On top of most GenAI content being benign, it’s also getting more human. Microsoft and several other security vendors have already released research disclosing why GenAI is not a good signal **for malicious content. Sadasivan et al. (ICLR 2024) provided the theoretical foundation for why this will only get worse. Their “impossibility framework” proves that as language models improve, the total variation distance between human and AI text distributions shrinks, mathematically bounding the best achievable detector performance. The implication is spooky:
"…reliable AI text detection may be fundamentally impossible as models converge toward human-like output."
In Microsoft’s September 24, 2025 blog post “AI vs. AI: Detecting an AI-Obfuscated Phishing Campaign,” Microsoft Threat Intelligence detailed a credential phishing campaign (detected August 18, 2025, targeting US organizations) that used an LLM to generate obfuscated SVG file payloads. Microsoft Security Copilot analyzed the malicious code and identified five specific categories of LLM artifacts.
- Overly descriptive variable/function names with pseudo-random hex suffixes (e.g.,
processBusinessMetricsf43e08,initializeAnalytics4e2250) described as “typical of AI/LLM-generated code.” - Over-engineered code structure with “clear separation of concerns and repeated use of similar logic blocks” and “characteristic of AI/LLM output, which tends to over-engineer and generalize solutions.” We see this in email all the time, like declarative
doc-typecomments in the HTML of the email. This is also found in a lot of templated-email platforms and advertising campaigns. - Unnecessary technical elements, like XML declarations and CDATA-wrapped scripts. We see this some in email too.
- Formulaic obfuscation patterns, like systematic, templated encoding that is “both thorough and formulaic, matching the style of AI/LLM code generation.”
- Verbose, generic, useless/self-explanatory comments. There will be plenty of examples of this in the below IOCs section. Microsoft called these “a hallmark of AI-generated documentation.” While this signal is definitely fleeting (attackers should be catching on by now), this is a gem for GenAI detection. While you can easily add “don’t include comments” in an LLM prompt, most bad actors are either unaware, lazy, or forgetful, and leave these signals in place
“AI-generated obfuscation often introduces synthetic artifacts, like verbose naming, redundant logic, or unnatural encoding schemes, that can become new detection signals themselves.”
The blog ends with the conclusion that the attack was detected using standard signals (self-addressed email with BCC, redirect, obfuscated code, etc.), which is accurate and lands them in the “AI signals are unimportant” camp. But that’s only half of the story. Yes, these signals are fleeting, and yes, the attack was stopped without them. But that said, a signal is a signal, so why not use it? Not as a detection in and of itself, but as a way to boost existing detections.
Why you can use AI signals for attack detections
To be clear, AI indicators are in no way load bearing signals. Detections need to be robust, though, so adding AI signals can help fill them out. That’s the argument right there. These signals are helpful, not home runs.
While Microsoft’s write-up focused on JavaScript within an SVG attachment, not HTML email bodies, the notion that LLMs leave characteristic structural fingerprints in generated code applies directly to HTML email templates as well.
Let’s take a look at some AI-generated messages. There are several things to pick apart in the following emails that we’ve seen in the wild. We’ll focus on the most egregious signals in each. Since half of the fun of these signals is hunting for them in your own environment, we’ve also included MQL at the end of the post so you can threat hunt GenAI emails in your org’s inboxes.
Useful: Comments
In this example, we see a classic cloud storage auto-payment scam email. The fact that Sublime caught it means that this message had already evaded the built-in security of one of the major cloud email providers.
As a quick aside, an argument could be made that signals could have the same lifespan as scam types. We all know the cloud storage scam, yet it still exists. It’s clearly still working.

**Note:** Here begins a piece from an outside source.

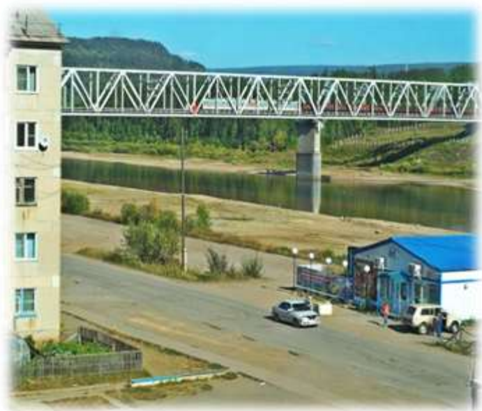
«Ворота БАМа» МО №5
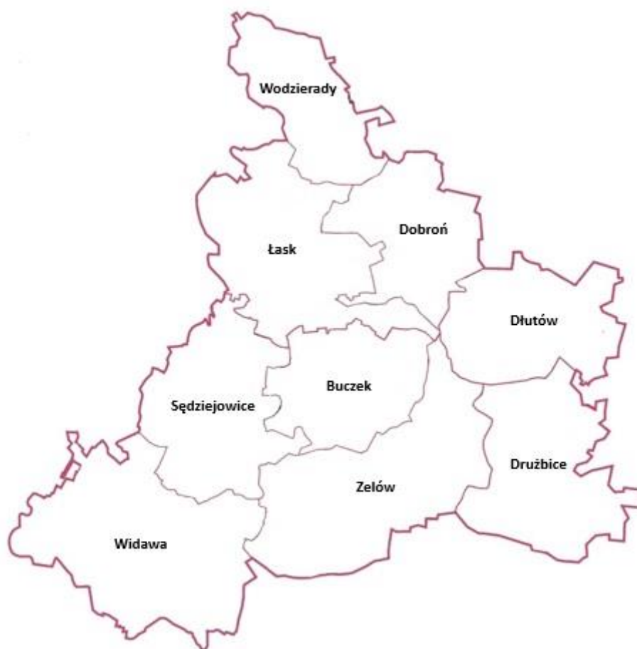
Rys. 2. Mapa obrazująca granice administracyjne LGD „Dolina rzeki Grabi”

We can see that this is an AI-generated attack if we look in the HTML of the message:
Those are the actual comments in the email HTML. As requested falls into the category of “continued LLM conversation” that we see in attacks. This is good evidence of the iterative (and often frustrating) experience of prompting. The attacker clearly had a weak initial prompt and didn’t get exactly what they wanted, so they had to re-prompt. As most LLMs aim to be both pleasing and verbose, this one added helpful little code comments to help the attacker.
There are also dozens of examples of conversational-context clues within HTML. A very common one is keeping the exact same structure. This is indicative of iterative prompting.
Here’s another fun one where comments are giving away too much information to have been written by a human. Take a look at the suspicious attempt at a CVS logo in this gift card scam:

You’ll notice the CVS logo heart doesn’t look quite right. That’s because the attacker had their LLM generate the logo in HTML, which we can see right in the comment on line 4:
Folks that code with AI know that it loves to add comments. By adding these suspicious indicators into the mix, it only strengths the mounting case for this email being malicious.
Useful: Formatting
Aside from word indicators, AI also offers formatting indicators. Take a look at this message:

For starters, AI loves round corners. Text containers, buttons, callouts – AI won’t let any of them have a sharp corner.
Another thing we’ve noticed with AI is non-centered text within an HTML element. Look at the Usage details breakdown toward the top left. The usage in GB is off centered with its category. Additionally, certain LLM-generated sites and messages will have content spill out of HTML elements or be off-centered (see the Update payment and Manage my plan buttons). These are not great detection signals (plenty of templated email generators that are benign have these same exact tells), but are good enough to throw into a threat hunt.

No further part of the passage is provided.